Following the devastating death of her father during her senior year, she moved back to her mother's family home in Missouri. "Talk about a culture shock," she quipped. She studied theatre at Southwest Missouri State University and later transferred to the University of Maryland, where she graduated with a degree in theatre arts in 1976. Turner boldly moved alone to New York in 1977 with $100 in her pocket. Working as a waitress, she soon got an agent and landed two roles, one on Broadway in Gemini, the other on the NBC daytime serial "The Doctors." Turner's voice persuaded Lawrence Kasdan that she should be Matty Walker, a manipulative femme fatale in Body Heat, his directorial debut and her film debut, which made her a star.

She starred in one movie after another in the 1980s and into the 1990s, including The Man with Two Brains with Steve Martin, and later Crimes of Passion with Anthony Perkins, The Jewel of the Nile and so many others.

While filming the comedy Serial Mom in 1994, Tuner began having "inexplicable pains and fevers." After the film wrapped, she began noticing she couldn't get into any of her shoes - her feet had suddenly grown two sizes. "I went to a podiatrist who said there was nothing wrong, expect that maybe I was vain. But then later I couldn't turn my head or move my arm and I went to my general practitioner who took blood and told me I had rheumatoid arthritis," she said.

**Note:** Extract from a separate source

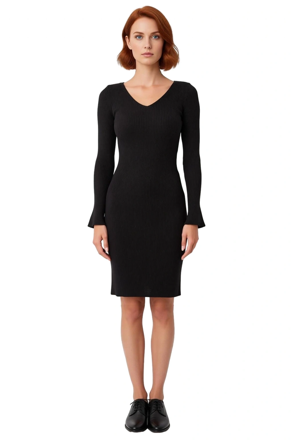 Çarpıcı V yaka tasarımı, feminen bir dokunuş katarken, uzun standart kolları zarif bir görünüm sunar ve soğuk havalarda ekstra sıcaklık sağlar. Triko kumaş tipi, esnek yapısıyla gün boyu rahat bir kullanım sunar ve hareketlerinizi kısıtlamaz. İnce yapılı dokusu sayesinde üzerinizde ağırlık yapmazken, kış sezonu için uygun sıcaklığı garanti eder. Astarsız oluşu, hafif ve nefes alabilir bir deneyim sunar. %100 akrilik bileşimi, elbisenin formunu korumasına ve uzun ömürlü olmasına yardımcı olur, böylece sık yıkamalara karşı dirençlidir. Kolay bakım talimatları sayesinde pratik bir kullanım sunar.

With serious joint pain, Turner suffered from the disease until recently when new drugs with fewer side effects came onto the market. Side effects of earlier medications proved debilitating and caused weight gain. People gossiped that Turner was letting herself go - drinking and using drugs and eating too much.

"Still I did not reveal what was happening to me," she wrote, adding that until she went public about her illness, she preferred the gossip to admitting she had a chronic disease.

Today, Turner has battled back from RA and is doing well. After her successful run in Virginia Woolf and some recent TV appearances, in February she got the thumbs up from critics for her direction of the Pulitzer Prize-winning Southern drama Crimes of the Heart at the Laura Pels Theatre in New York.

And now she has events around her book, which got its title from a long habit. Whenever she's in the theater, particularly as an actress, when all the flowers are gone after opening night, Turner rewards herself. "Every two weeks, I simply send myself roses," she said.